Some Interesting Thanksgiving Traditions
With this year Thanksgiving almost knocking at the door, it’s time to make an inventory of some interesting Thanksgiving traditions. Thanksgiving itself is a very interesting holiday, which is only celebrated in USA and Canada. It’s a time of remembrance, of family reunions and, of course, a good time to be thankful!
It’s the usual tradition for US and Canadian citizens to gather around a family dinner on Thanksgiving weekend, and celebrate with roast turkey and pumpkin pie. Some might choose to travel instead, however it is worth taking a look at some unusual customs and traditions taking place across the continent in this very special November day:
A Hearty Dinner
As I said before, the Thanksgiving dinner in the company of family or close friends is the most popular Thanksgiving tradition. As Thanksgiving happens on a Thursday, the dinner usually takes place in weekend, and it resembles a royal feast. In USA, most families will have a roasted, stuffed turkey on their tables, but other traditional dishes like sweet potatoes and spicy pumpkin pie will also be present.
The Break of the Wishbone
If there is turkey, there will most certainly a big wishbone left at the end of the dinner. In many families celebrating Thanksgiving, the pulling of the wishbone is one of the key moments of the celebration. Two members of the family or dinner guests grab an end of the wishbone, make a wish and pull as hard as they can.
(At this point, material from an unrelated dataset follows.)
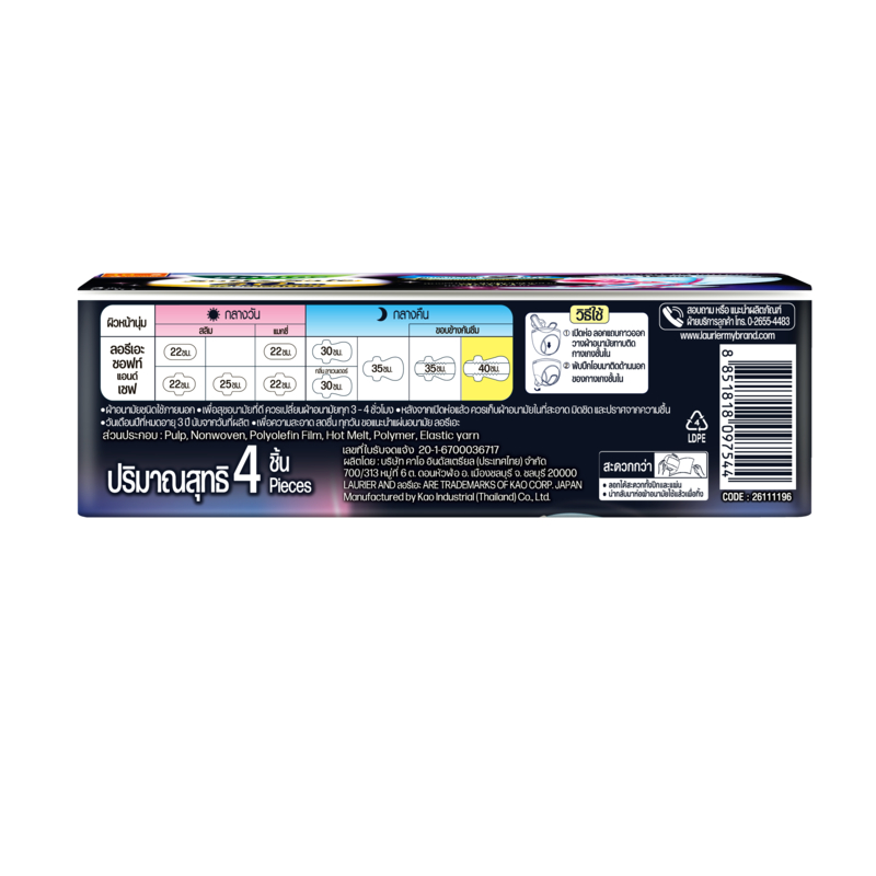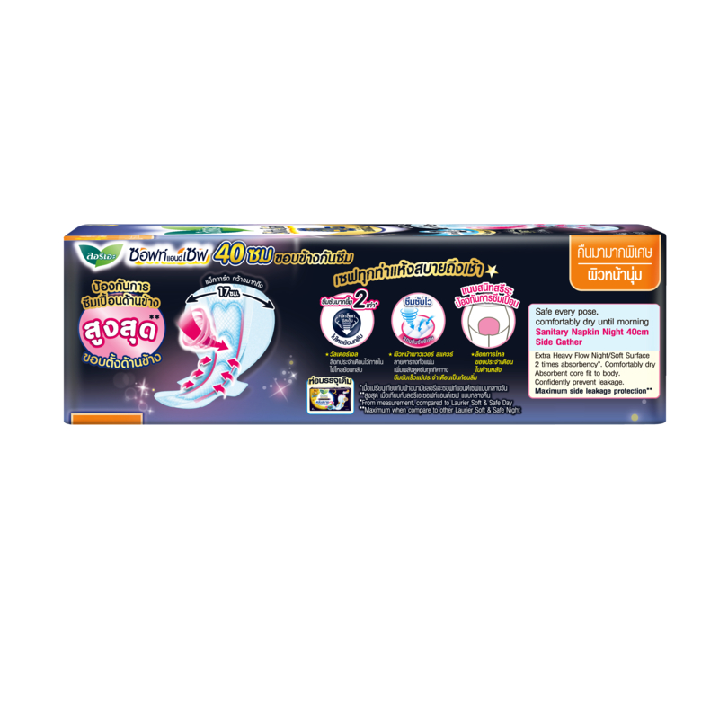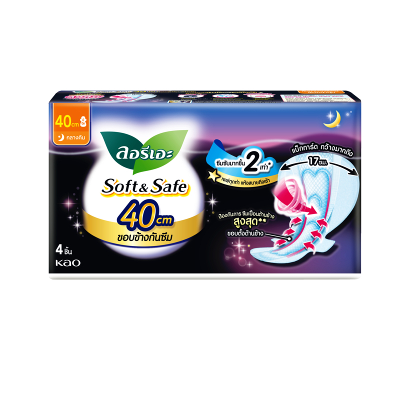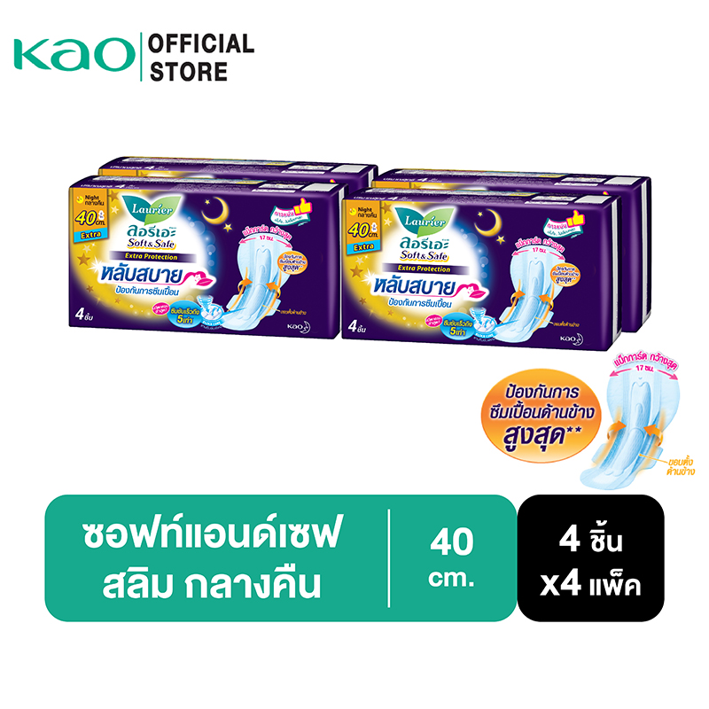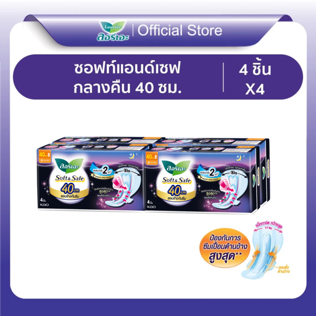 ลอรีเอะ ซอฟท์แอนด์เซฟ กลางคืน 40 ซม. ห่อ 4 ชิ้นx4 แพ็ค LAURIER SOFT&SAFE EXTRA PROTECTION NIGHT 40 CM. (4pc x 4packs)

The one that gets the most of it will have their wish come true!
Even though the Thanksgiving dinner usually takes place during the weekend, the Thanksgiving day itself doesn’t go uneventful. There is a commercial side of Thanksgiving, as well, so there will probably be a lot of things going on in the big commercial centers. But a very interesting tradition is represented by the Thanksgiving parades – also organized by big department stores. The first one took place in Philadelphia but the biggest one takes place in NYC – people travel cross country just to see Macy’s Thanksgiving Day Parade.
The Big Pardon
Turkeys certainly have a double-sided role to play in the whole Thanksgiving business: they are the stars, but also the victims of the day. But it doesn’t necessarily have to end this way: the lucky turkey that is send as a gift to the White House will get, by tradition, a pardon, which means it will walk free and unharmed and life a rich, full life.